Permutations

TJCTF 2018 - Cryptography (70 pts).

TJCTF 2018: Permutations

Challenge details

Event	Challenge	Category	Points	Solves
TJCTF 2018	Permutations	Cryptography	70	17

TL;DR

A biais in RC4 PRNG that make us able to recover one byte of the plaintext message with statiscal analysis coupled to permutation of the message make us able to recover the initial message.

Methology

We first got a python file without knowing which cryptograpy was in it ( no clues in the chall presentation about it ). After a quick look at it we find that the cipher algorithm is RC4 (Wikipeda)

#!/usr/bin/env python3
from os import urandom
from itertools import permutations

def ksa(key):
    permS = []
    for x in range(256):
        permS.append(x)
    j = 0
    for x in range(256):
        j = (j+permS[x]+key[x%16])%256
        temp = permS[x]
        permS[x] = permS[j]
        permS[j] = temp
    return permS
def prga(S, mes):
    x = 0
    y = 0
    mes = bytearray(mes, "utf_8")
    cipher = ""
    stream = bytearray()
    for z in range(len(mes)):
        x = (x+1)%256
        y = (y+S[x])%256
        temp = S[x]
        S[x] = S[y]
        S[y] = temp
        stream.append(S[(S[x]+S[y])%256])
        op = str(hex(mes[z]^stream[z]))
        if len(op)%2 != 0:
            cipher += "0"+op[2:]
        else:
            cipher += op[2:]
    return cipher
mask = "abcdefghij"
message = xxxxxxxxxx
mestomask = {}
masktomes = {}
for x in range(len(mask)):
    mestomask[message[x]] = mask[x]
    masktomes[mask[x]] = message[x]
def change(maskmes):
    out=""
    for x in maskmes:
        out += masktomes[x]
    return out
while True:
    print("Enter a permutation of abcdefghij and I'll encrypt the corresponding message! ")
    i = input()
    if len(i) == len(mask) and  set(i) == set(mask):
        em = change(i)
        key = urandom(16)
        tS = ksa(key)
        ct = prga(tS, em)
        print(ct)

First Step : Finding the flaw

The first thing I did, was to compare the implemented algorithm with the real algorithm of the RC4 and they wre the same.
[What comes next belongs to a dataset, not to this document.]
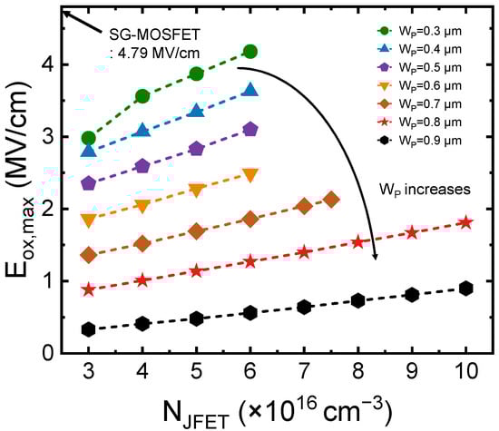 Figure 4 shows the Eox,max of PSG-MOSFETs according to the WP and NJFET. As the NJFET increases, the Eox,max also increases due to a reduction in the width of the depletion region of the P-shielding region. Conversely, as the WP increases, the Eox,max significantly decreases. Since an increase in Ron,sp denotes an increase in conduction loss during device operation, optimization of NJFET and WP is crucial. These results indicate that the P-shielding region can effectively suppress electric field crowding at the gate oxide, despite the higher NJFET of PSG-MOSFETs compared to the SG-MOSFET.
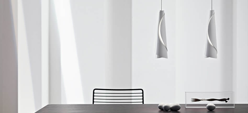 A small suspension light in lacquered alluminium available in two colours: classic white and warm, intense grey. It provides direct, precise light. The dual lighting effect that characterises Maki creates a suggestive theatrical effect.

Then I looked at the change function :

def change(maskmes):
    out=""
    for x in maskmes:
        out += masktomes[x]
    return out

This function simply does a permutation according to the order of the alphabet :

If maskmes value is “acbdefghij”, the second letter of the message will be interverted with the third
If maskmes value is “jabcdefghi”, the last letter of the message will be the first
…

So for the moment there is no flaws in this function. After searching for almost 3 or 4 hours we found ( thks @ENOENT ) the line of text that made the attack possible.
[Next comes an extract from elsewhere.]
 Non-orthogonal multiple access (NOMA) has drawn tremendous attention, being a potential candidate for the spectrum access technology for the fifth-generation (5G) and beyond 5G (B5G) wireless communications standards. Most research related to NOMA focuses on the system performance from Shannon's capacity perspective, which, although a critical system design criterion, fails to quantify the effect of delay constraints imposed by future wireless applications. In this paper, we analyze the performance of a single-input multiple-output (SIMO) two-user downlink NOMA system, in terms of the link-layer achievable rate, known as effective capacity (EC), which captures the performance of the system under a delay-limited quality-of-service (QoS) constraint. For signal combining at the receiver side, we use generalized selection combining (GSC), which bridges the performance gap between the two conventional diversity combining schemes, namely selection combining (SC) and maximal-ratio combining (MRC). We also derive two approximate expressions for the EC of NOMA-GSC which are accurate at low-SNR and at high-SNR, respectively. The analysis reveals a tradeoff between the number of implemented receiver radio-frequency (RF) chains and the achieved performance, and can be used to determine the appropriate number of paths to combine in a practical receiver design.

The best such attack is due to Itsik Mantin and Adi Shamir who showed that the second output byte of the cipher was biased toward zero with probability ¹⁄₁₂₈ (instead of ¹⁄₂₅₆). This is due to the fact that if the third byte of the original state is zero, and the second byte is not equal to 2, then the second output byte is always zero. Such bias can be detected by observing only 256 bytes.

Wikipedia

So the second byte of the RC4 Pseudo Random Generation Algorithm is biaised an tend more often to zero than the other results.

Second step : Exploiting It

Now that we have a clue about what to do, let’s find how to use it.
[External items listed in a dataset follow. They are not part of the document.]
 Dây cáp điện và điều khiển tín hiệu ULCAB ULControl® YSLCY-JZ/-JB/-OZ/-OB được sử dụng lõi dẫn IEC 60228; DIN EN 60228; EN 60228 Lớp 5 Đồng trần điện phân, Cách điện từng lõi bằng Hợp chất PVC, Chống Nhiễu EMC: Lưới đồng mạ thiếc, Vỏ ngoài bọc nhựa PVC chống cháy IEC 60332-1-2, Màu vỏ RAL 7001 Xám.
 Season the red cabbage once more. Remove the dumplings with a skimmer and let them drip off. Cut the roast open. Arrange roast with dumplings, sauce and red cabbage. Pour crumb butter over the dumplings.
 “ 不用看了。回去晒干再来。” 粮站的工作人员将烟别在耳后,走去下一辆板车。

op = str(hex(mes[z]^stream[z]))

In the implementation the PRNG is used as a keystream to Xor the message with it. The fact is that when you take any letter k, k^0 = k. So ig the zero byte appear more often for the second byte, the second character of the plaintext will appear more often than the others in the ciphertext.

I did some test to determine how much time we need to cipher it to find with good frequency the plain character.

Here is the occurences of each characters at the second position for 4000 ciphers generated :

RC4_apparition_of_each_letters_4000_iterations

Here is the frequency of apparition according to the number of ciphertext.

RC4_frequencies_by_iterations

We can clearly see on the first diagram that there is a more occurent character. And the second show us that we will need approximatively 4000 iterations to have a good percentage of finding the clear character.

Final Step : Let’s script it !

I used Pwntools to make my socket connection easier to implement.

#!/usr/bin/env python2.7
from pwn import *
from collections import Counter

HOST = "problem1.tjctf.org"
PORT = 8007




initial_permutation = "abcdefghij"
current_permutation = ""
flag = ""
for j in range(10):
	r = remote(HOST,PORT)
	result = ""
	current_permutation = list(initial_permutation)
	current_permutation[1] =  current_permutation[j]
	current_permutation[j] = "b"
	for i in range(4000):
	    r.recv()
	    r.sendline(''.join(current_permutation))
	    letter = r.recvline().strip().decode("hex")[1]
	    result += letter
	    print("%d--%s"%(i,letter))
	char, occur = Counter(result).most_common(1)[0]
	log.success("Current flag : %s"%(flag+char))
	flag += char
	r.close()
log.success(flag)

tjctf{ohbyteRC4!}

@Areizen